Bacteriophages are highly specific bacterial viruses that can invade and lyse their hosts. By this feature, early studies have successfully isolated bacteriophages infecting many bacteria that cause sludge foaming. However, no rhodococcus toruloides phage has been reported to be isolated. Rhodococcus toruloides belongs to the order of Actinomycetales of Nocardiaceae, and is a gram-positive aerobic bacterium with hydrophobic surface. Belongs to the Nocardia type filamentous bacteria, and the hydrophobicity of the cells can reach 31 to 60 percent. In a laboratory foaming capacity test, rhodococcus toruloides is aerated, the height of foam is stabilized between 5 cm and 10cm within 2 minutes, and the foam can stably exist after aeration is stopped.
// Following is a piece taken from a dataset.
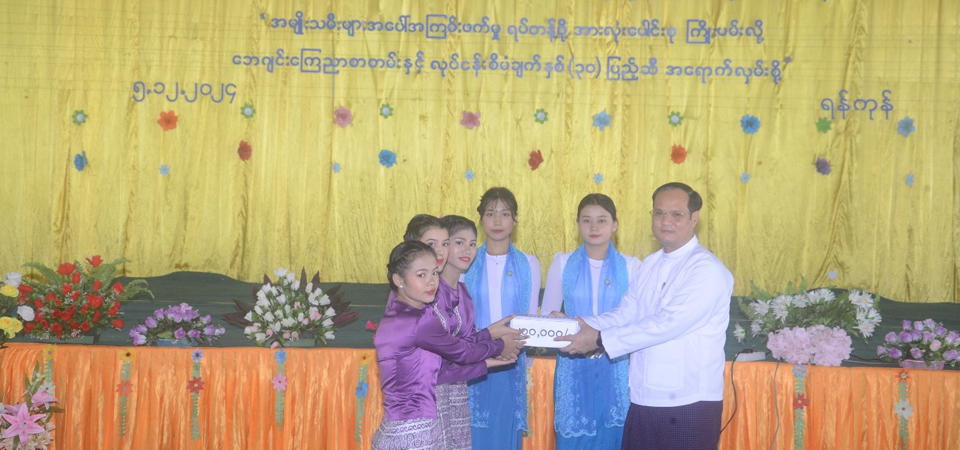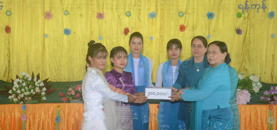 ဆက်လက်ပြီး ဖျော်ဖြေတင်ဆက်ခဲ့ကြသည့် အဖွဲ့များအား လူမှုဝန်ထမ်းဦးစီးဌာနမှ ငွေကျပ် ၃၀၀,၀၀၀/-၊ ရန်ကုန်တိုင်းဒေသကြီး အမျိုးသမီးရေးရာအဖွဲ့မှ ငွေကျပ် ၂၀၀,၀၀၀/-၊ ရန်ကုန်တိုင်းဒေသကြီး မိခင်နှင့်ကလေးစောင့်ရှောက်မှုကြီးကြပ်ရေးအဖွဲ့မှ ငွေကျပ် ၂၀၀၀၀၀/-၊ ရန်ကုန်တိုင်းဒေသကြီး အမျိုးသမီးအားကစားဆပ်ကော်မတီမှ ငွေကျပ် ၁၀,၀၀,၀၀၀/-၊ လေးကျွန်းသူဖောင်ဒေးရှင်းမှ ငွေကျပ် ၁၀၀၀,၀၀၀/- နှင့် AFXB အဖွဲ့တို့မှ ငွေကျပ် ၃၀၀,၀၀၀/- နှင့် T-shirt အထည် (၇၀)အား လှူဒါန်းပေးခဲ့ပြီး ရန်ကုန်တိုင်းဒေသကြီးအစိုးရအဖွဲ့၊ တိုင်းရင်းသားရေးရာဝန်ကြီး၊ ရန်ကုန်တိုင်းဒေသကြီး အမျိုးသမီးကော်မတီနာယက/ ရန်ကုန်တိုင်းဒေသကြီးအစိုးရအဖွဲ့၊ ဝန်ကြီးချုပ်၏ဇနီးနှင့် တာဝန်ရှိသူများမှ အသီးသီးချီးမြှင့်ခဲ့ကြပြီး အခမ်းအနားကို နံနက် (၁၁:၀၀)နာရီတွင် အောင်မြင်စွာ ကျင်းပပြီးစီးခဲ့ပါသည်။

Therefore, the problem to be solved by the technical personnel in the field is to provide the rhodococcus toruloides bacteriophage P19 and the application thereof.
Disclosure of Invention
In view of the above, the invention provides a rhodococcus toruloides bacteriophage P19 and application thereof.
In order to achieve the purpose, the invention adopts the following technical scheme:
a Rhodococcus toruloides bacteriophage P19 with the preservation number of CGMCC No.23087 is preserved in China general microbiological culture Collection center of China Committee for culture Collection of microorganisms (CGMCC for short), the institute of microbiology, China academy of sciences, No. 3, West Lu 1, North Cheng, the south China area, Beijing, with the preservation date of 2021 year, 9 months and 7 days, and is named as bacteriophage by classification, specifically Rhodococcus toruloides myo phage.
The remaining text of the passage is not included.